FBI staff operations specialist Marcus Allen had his security clearance suspended in 2022 when the FBI cited security concerns related to his “allegiance to the United States” in a letter previously shared with Congress.
Allen testified at a congressional hearing led by House Judiciary Chair Jim Jordan last year after the bureau informed Congress it had revoked the security clearances of three agents who either attended the riot at the US Capitol or espoused alternate theories about the Capitol attack.
When explaining its initial decision to revoke Allen’s security clearance to Congress, the FBI wrote that its investigation showed Allen had “questionable judgment, unreliability, and unwillingness to comply with rules and regulations,” indicating that he could not properly safeguard classified or sensitive information.

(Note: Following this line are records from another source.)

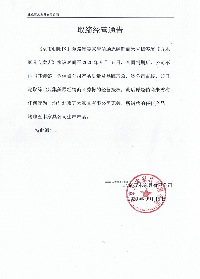 关于《北苑集美经销取缔》通告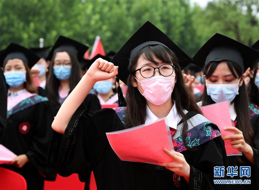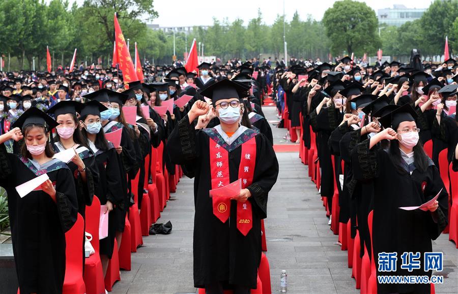 6月23日,在華東師范大學(xué)閔行校區(qū)的畢業(yè)典禮上,師范專業(yè)的畢業(yè)生舉行宣誓儀式。當(dāng)日,華東師范大學(xué)舉行2020屆畢業(yè)典禮。由于疫情防控需要,今年的典禮在兩個(gè)校區(qū)分別舉辦,并全程在線直播。約7700名華東師范大學(xué)2020屆畢業(yè)生通過現(xiàn)場(chǎng)或“云端”的方式參加畢業(yè)典禮。新華社記者劉穎攝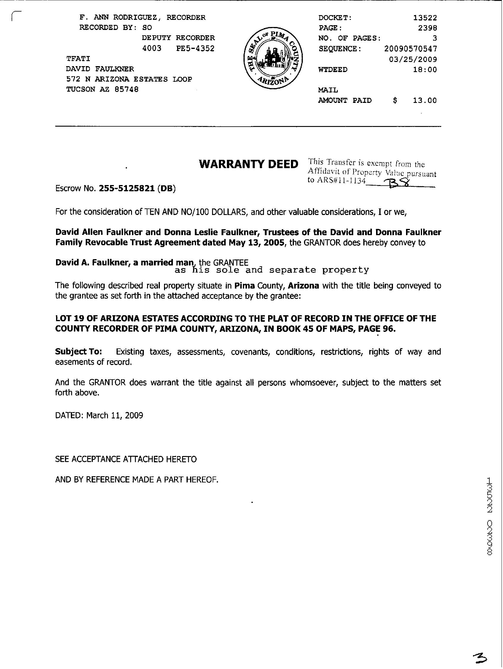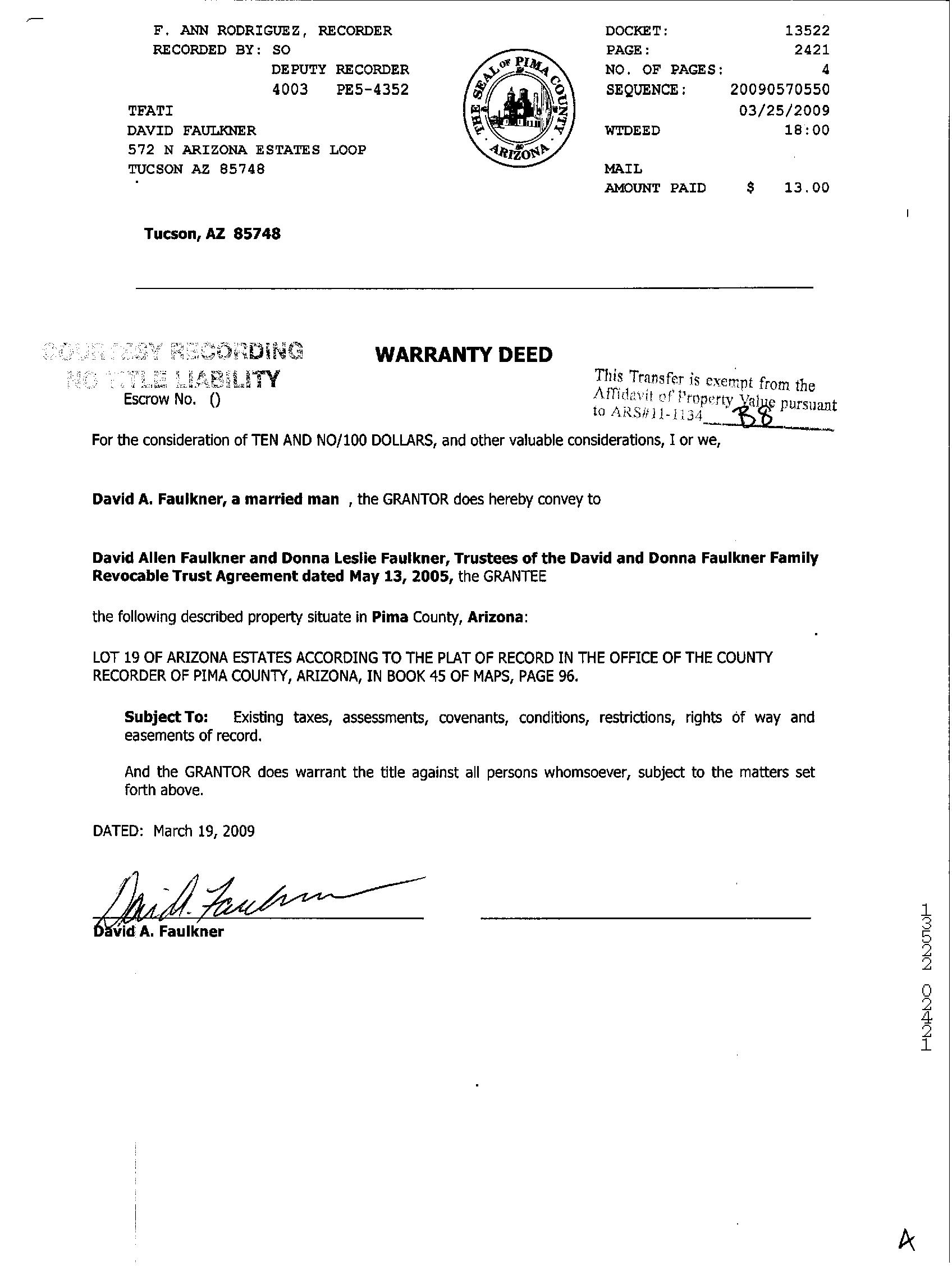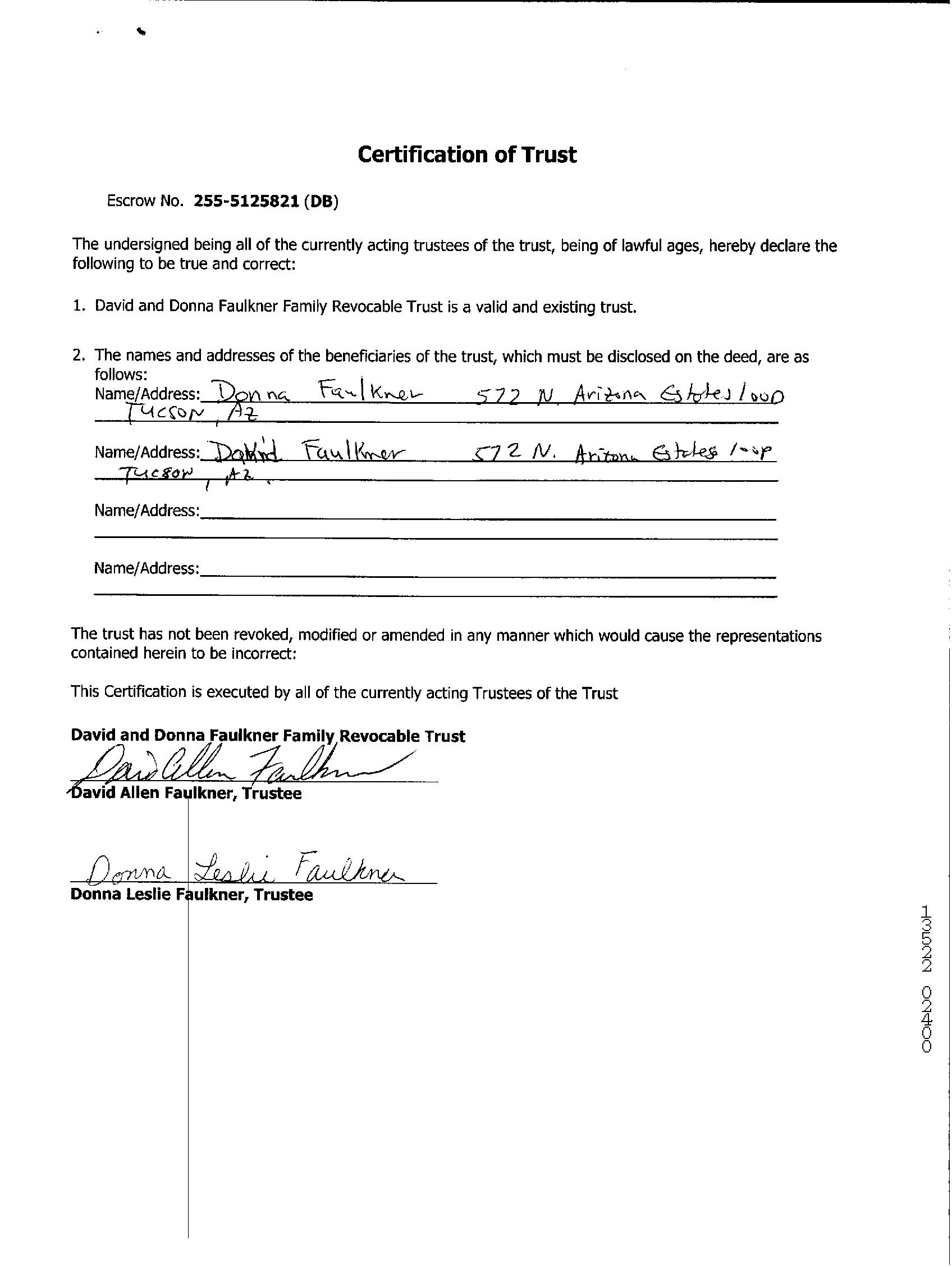 Owner Name : Faulkner David Allen & Donna / Leslie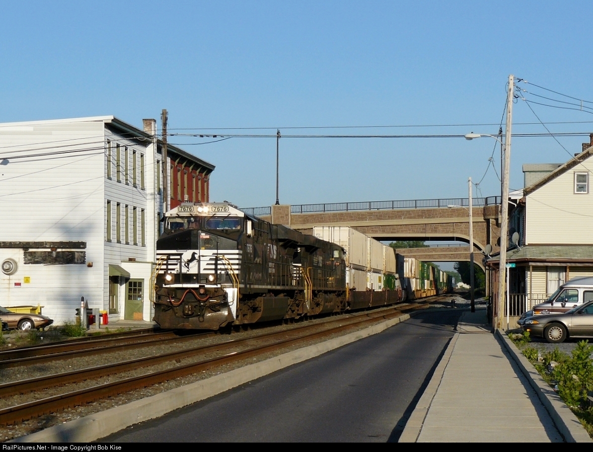 The closest you'll get to street-running in Lebanon, with a view west along Lebanon's Scull St., showing the old Railroad House Hotel (now apartments,) row homes, and the twin Route 72 viaducts. No. 7676 was built as an ES40DC and was later upgraded.

The FBI listed a variety of reasons for suspending Allen in their letter, including a September 29, 2021, email in which Allen called on FBI officials to exercise “extreme caution and discretion in pursuit of any investigative inquiries or leads pertaining to the events of” January 6, according to a copy of the letter.
Allen testified during last year’s congressional hearing that he “played no part in the events of Jan. 6,” but alleged that he was retaliated against “because I forwarded information to my superiors and others that questioned the official narrative of the events of Jan. 6.”

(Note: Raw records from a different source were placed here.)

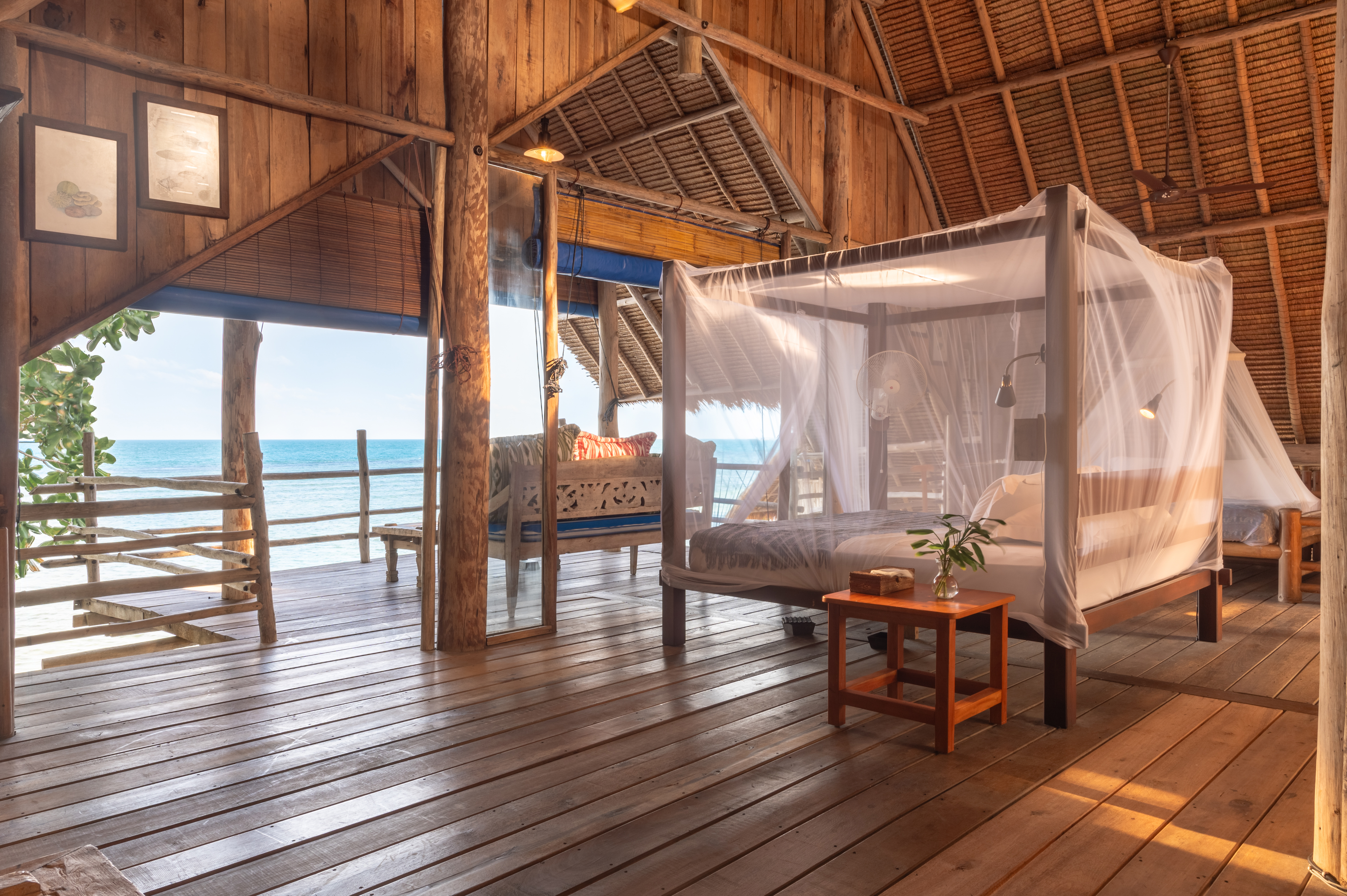 Driftwood Palaces 2 to 5 are constructed completely from driftwood salvaged from the sea. The open floor plan and high ceilings catch the sea breeze. Relax in two double beds during your stay.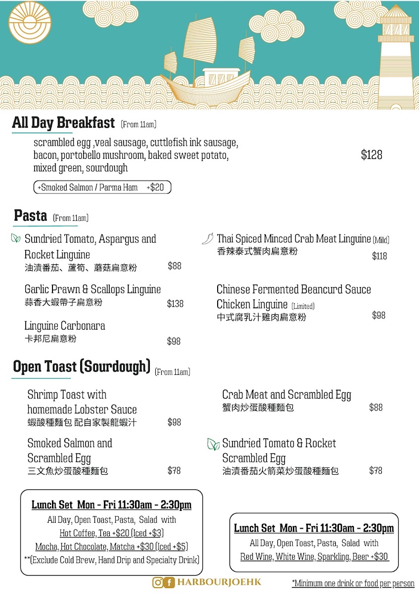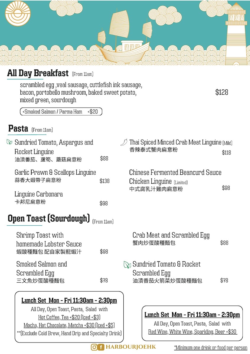 Harbour Joe's menu is a treasure trove of flavors. Kickstart your day with their all-day breakfast, featuring the Good Morning! Harbour Joe set, where eggcellent scrambled eggs meet a unique croffle for just HK$45. Don't miss their signature drink, Yu Is My Happiness, priced at HK$55, which promises a delightful experience with every sip.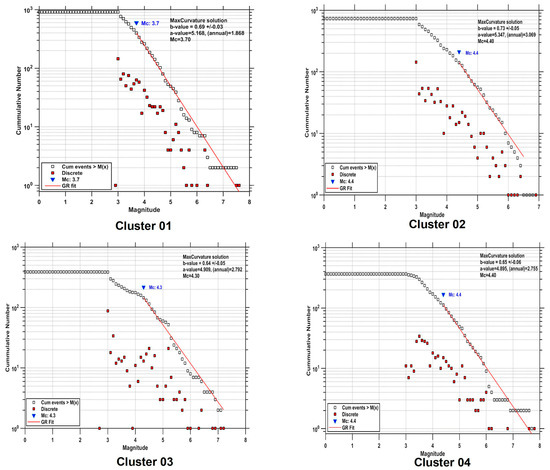 As can be observed from Table 1, the average -values of Equation (13) and of the law of Equation (13) do not differ significantly (p < 0.01) between the various clusters. However when only one standard deviation is considered the tendency of a higher Gutenberg Richter -value can be observed in cluster 02. Parameter differs only for cluster 01, potentially, due to the greater number of events that this cluster includes.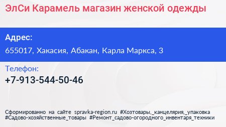 ЭлСи Карамель, магазин женской одежды по адресу 655017, Хакасия, Абакан, Карла Маркса, 3 в дальнейшем Организация, размещена в следующих категориях:

The bureau reinstated Allen’s security clearance on May 31 after reaching a settlement agreement, Allen’s lawyer, Tristan Leavitt, told CNN. Allen then resigned from the bureau on Monday.
“This is total vindication for Marcus,” Leavitt, president of Empower Oversight, said in a statement. “The FBI has completely backed down and provided everything that we had asked for on behalf of Marcus. It’s clear from the evidence and the FBI’s capitulation there was absolutely no truth to their accusations.”

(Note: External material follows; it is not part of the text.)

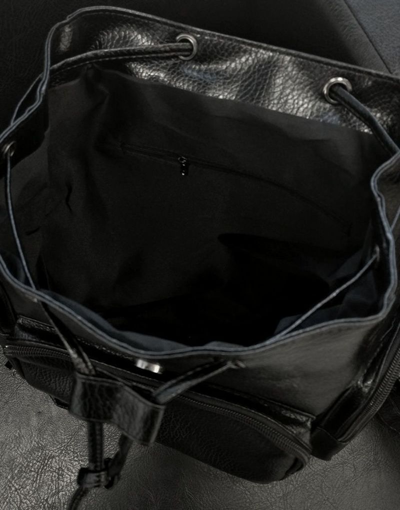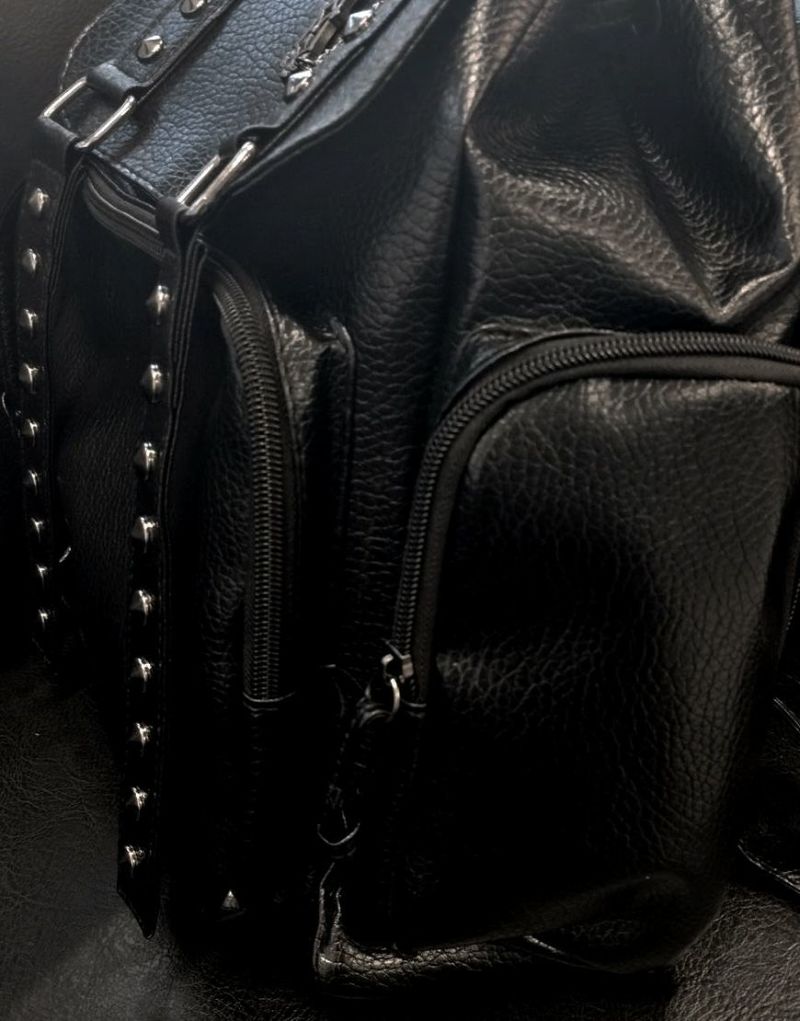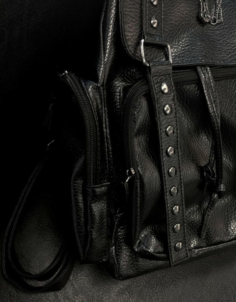 フラップ部分にチェーン付きのクロスチャームが配置され、スタッズ付きのデザインベルトが存在感抜群のリュック。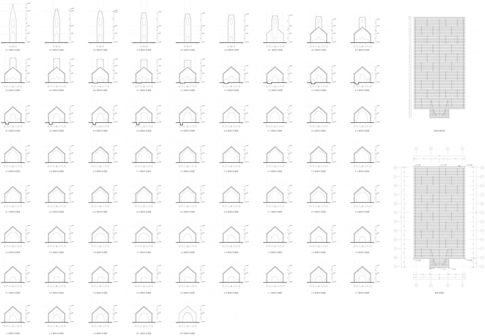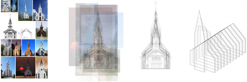 作为建筑的外部形象,我们认为它必须是纯粹的,以使人得以回归小礼拜堂的原型和认知。故而设计过程中,数百个乡野传统教堂的空间及立面形象的抽取,共同勾勒出了一个符合认知意义通感的体量轮廓(切片)系列。

In response to his security clearance being reinstated, Allen stated, “it’s been a difficult couple of years, and I am truly grateful for my friends and family who helped us through this.”
In a statement provided to CNN, the FBI defended how the process was handled.
“While we can’t comment on the specifics of any settlement, both parties agreed to resolve this matter without either admitting wrongdoing. Any allegation that the Director lied to Congress is false. The FBI takes seriously its responsibility to FBI employees who make protected disclosures under whistleblower regulations, and we are committed to ensuring they are protected from retaliation,” the FBI said.
Jordan, who has used cases like Allen’s to raise allegations of discrimination and bias within the FBI, pressed Attorney General Merrick Garland during a congressional hearing on Tuesday whether Allen had been wrongfully retaliated against.
“I don’t know anything about the facts of that case. Retaliating against whistleblowers is against the law and it will be punished,” Garland testified.